_Recorded data_.
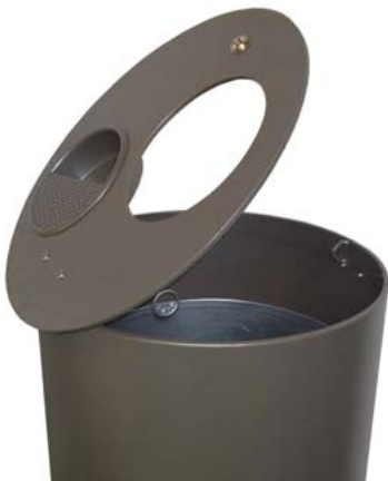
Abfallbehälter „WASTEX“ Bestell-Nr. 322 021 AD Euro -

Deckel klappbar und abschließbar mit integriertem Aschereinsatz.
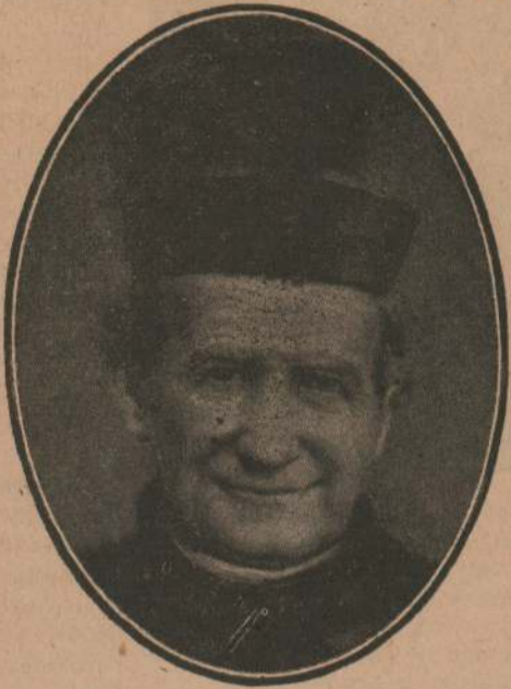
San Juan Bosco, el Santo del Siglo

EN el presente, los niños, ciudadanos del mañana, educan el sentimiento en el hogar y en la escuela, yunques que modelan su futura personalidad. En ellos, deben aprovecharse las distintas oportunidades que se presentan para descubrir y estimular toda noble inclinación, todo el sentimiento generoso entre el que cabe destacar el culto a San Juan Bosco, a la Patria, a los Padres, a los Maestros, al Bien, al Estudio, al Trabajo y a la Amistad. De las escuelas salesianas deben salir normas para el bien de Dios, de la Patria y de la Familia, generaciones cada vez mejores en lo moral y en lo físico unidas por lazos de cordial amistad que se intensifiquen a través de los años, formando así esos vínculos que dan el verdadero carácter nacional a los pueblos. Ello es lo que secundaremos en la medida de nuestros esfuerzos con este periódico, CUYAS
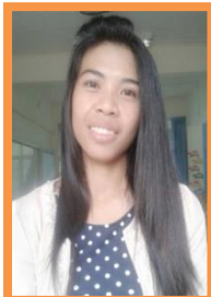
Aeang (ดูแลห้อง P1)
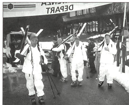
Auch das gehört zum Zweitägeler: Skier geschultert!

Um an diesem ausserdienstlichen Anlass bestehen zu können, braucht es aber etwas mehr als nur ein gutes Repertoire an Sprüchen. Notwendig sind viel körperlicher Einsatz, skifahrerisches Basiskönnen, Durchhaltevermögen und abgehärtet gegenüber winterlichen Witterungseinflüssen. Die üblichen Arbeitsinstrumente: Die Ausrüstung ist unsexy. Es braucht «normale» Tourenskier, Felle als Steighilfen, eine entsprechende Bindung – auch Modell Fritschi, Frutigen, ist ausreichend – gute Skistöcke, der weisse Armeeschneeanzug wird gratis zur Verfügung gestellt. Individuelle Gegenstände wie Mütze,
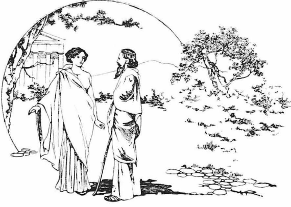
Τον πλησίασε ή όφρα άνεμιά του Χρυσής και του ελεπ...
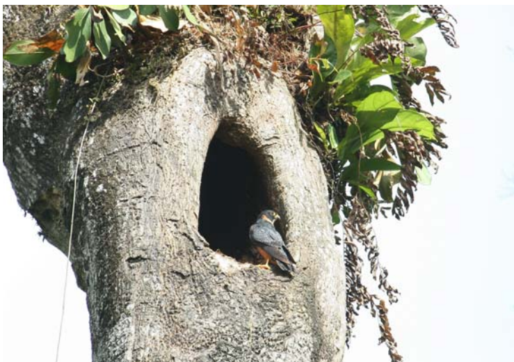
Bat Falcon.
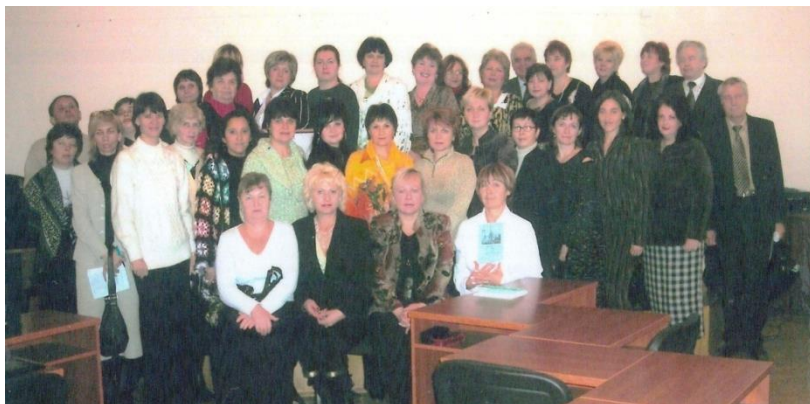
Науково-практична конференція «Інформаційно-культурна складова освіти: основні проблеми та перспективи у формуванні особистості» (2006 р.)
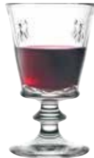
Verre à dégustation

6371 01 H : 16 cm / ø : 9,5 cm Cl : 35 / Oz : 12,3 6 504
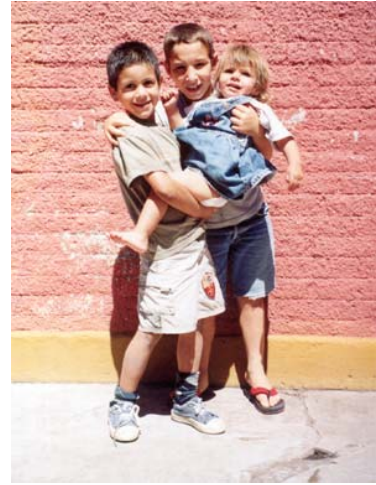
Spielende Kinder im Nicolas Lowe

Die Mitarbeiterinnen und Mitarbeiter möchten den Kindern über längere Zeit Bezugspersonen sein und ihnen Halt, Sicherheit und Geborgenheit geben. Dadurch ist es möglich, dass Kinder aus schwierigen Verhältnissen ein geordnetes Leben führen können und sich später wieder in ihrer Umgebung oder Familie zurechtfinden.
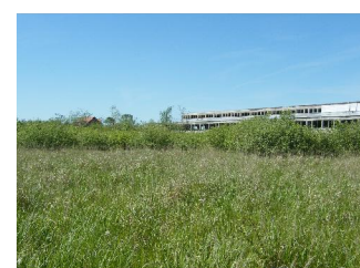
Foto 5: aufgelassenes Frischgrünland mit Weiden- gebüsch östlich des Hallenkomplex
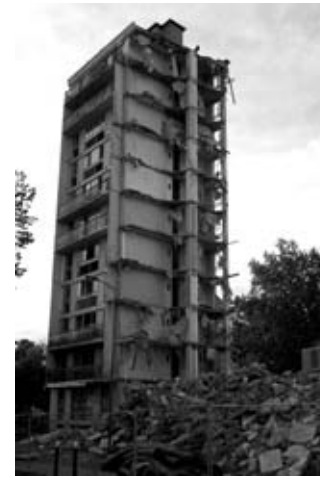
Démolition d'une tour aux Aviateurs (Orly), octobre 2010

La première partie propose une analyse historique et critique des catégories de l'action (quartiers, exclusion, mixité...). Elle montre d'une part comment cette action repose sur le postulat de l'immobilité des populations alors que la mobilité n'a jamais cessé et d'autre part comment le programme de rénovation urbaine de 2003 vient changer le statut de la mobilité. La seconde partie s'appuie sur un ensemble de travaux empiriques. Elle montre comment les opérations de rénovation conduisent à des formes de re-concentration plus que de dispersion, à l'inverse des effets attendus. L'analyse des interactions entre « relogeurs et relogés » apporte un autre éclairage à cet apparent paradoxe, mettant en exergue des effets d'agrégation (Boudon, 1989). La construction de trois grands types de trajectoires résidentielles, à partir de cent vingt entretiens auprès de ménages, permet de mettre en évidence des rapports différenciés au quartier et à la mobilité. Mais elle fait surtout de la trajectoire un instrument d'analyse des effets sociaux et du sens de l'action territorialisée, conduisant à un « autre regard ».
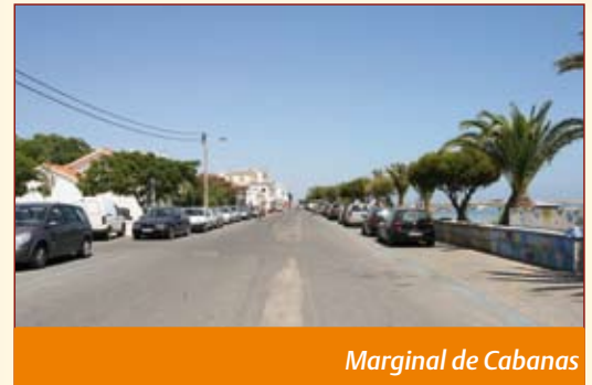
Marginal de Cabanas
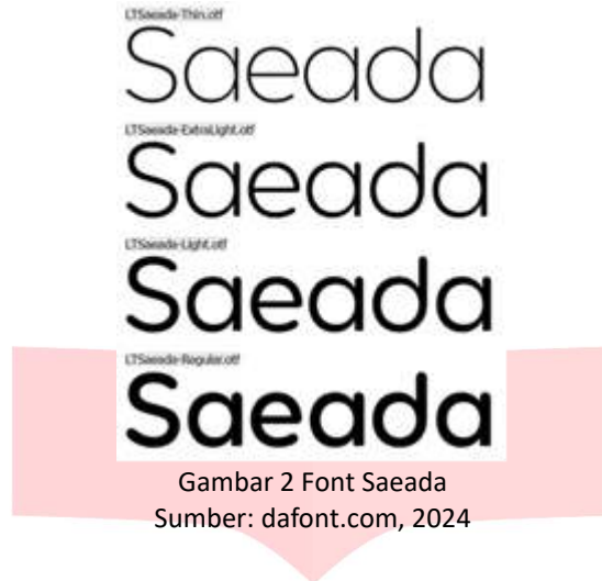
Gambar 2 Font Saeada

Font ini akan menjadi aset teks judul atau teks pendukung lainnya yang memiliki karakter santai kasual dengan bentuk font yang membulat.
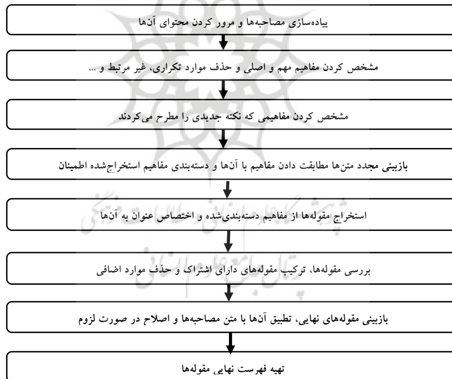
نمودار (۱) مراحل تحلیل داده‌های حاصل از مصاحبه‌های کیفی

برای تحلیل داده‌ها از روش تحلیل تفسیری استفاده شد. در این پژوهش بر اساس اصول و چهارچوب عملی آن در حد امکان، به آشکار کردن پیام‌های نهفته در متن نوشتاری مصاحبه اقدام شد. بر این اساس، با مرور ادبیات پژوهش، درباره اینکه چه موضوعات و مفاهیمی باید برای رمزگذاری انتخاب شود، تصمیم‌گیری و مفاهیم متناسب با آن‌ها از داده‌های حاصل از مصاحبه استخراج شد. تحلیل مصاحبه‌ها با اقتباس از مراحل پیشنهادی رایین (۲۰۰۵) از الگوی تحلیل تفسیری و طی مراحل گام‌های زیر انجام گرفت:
==
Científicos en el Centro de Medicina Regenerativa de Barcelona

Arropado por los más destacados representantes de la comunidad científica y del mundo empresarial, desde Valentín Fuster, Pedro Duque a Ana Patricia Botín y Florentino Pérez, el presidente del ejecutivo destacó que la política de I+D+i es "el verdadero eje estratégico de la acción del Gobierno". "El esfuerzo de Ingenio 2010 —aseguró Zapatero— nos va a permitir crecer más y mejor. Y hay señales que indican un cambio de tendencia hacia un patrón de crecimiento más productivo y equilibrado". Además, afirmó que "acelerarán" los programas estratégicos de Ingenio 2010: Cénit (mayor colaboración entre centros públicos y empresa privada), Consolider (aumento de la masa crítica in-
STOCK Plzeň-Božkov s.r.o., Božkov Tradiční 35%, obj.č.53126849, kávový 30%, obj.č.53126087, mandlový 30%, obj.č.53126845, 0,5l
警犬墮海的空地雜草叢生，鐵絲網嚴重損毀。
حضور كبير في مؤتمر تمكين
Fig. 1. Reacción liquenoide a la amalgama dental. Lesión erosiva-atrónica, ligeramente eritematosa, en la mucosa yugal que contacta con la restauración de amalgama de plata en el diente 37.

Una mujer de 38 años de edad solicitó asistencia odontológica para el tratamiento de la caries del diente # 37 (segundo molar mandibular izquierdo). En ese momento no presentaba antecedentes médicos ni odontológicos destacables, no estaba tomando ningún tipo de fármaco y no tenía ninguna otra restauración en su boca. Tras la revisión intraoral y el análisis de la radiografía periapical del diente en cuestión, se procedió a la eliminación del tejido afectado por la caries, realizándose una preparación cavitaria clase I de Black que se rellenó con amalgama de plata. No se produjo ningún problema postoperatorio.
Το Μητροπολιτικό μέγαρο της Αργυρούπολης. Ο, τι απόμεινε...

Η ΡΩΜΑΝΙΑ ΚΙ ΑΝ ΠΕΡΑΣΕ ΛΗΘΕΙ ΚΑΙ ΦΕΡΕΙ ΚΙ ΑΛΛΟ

_Exercise aim_. Each line above that contains the word "Font" should be counted, and only the total given.

_Task solution_. 2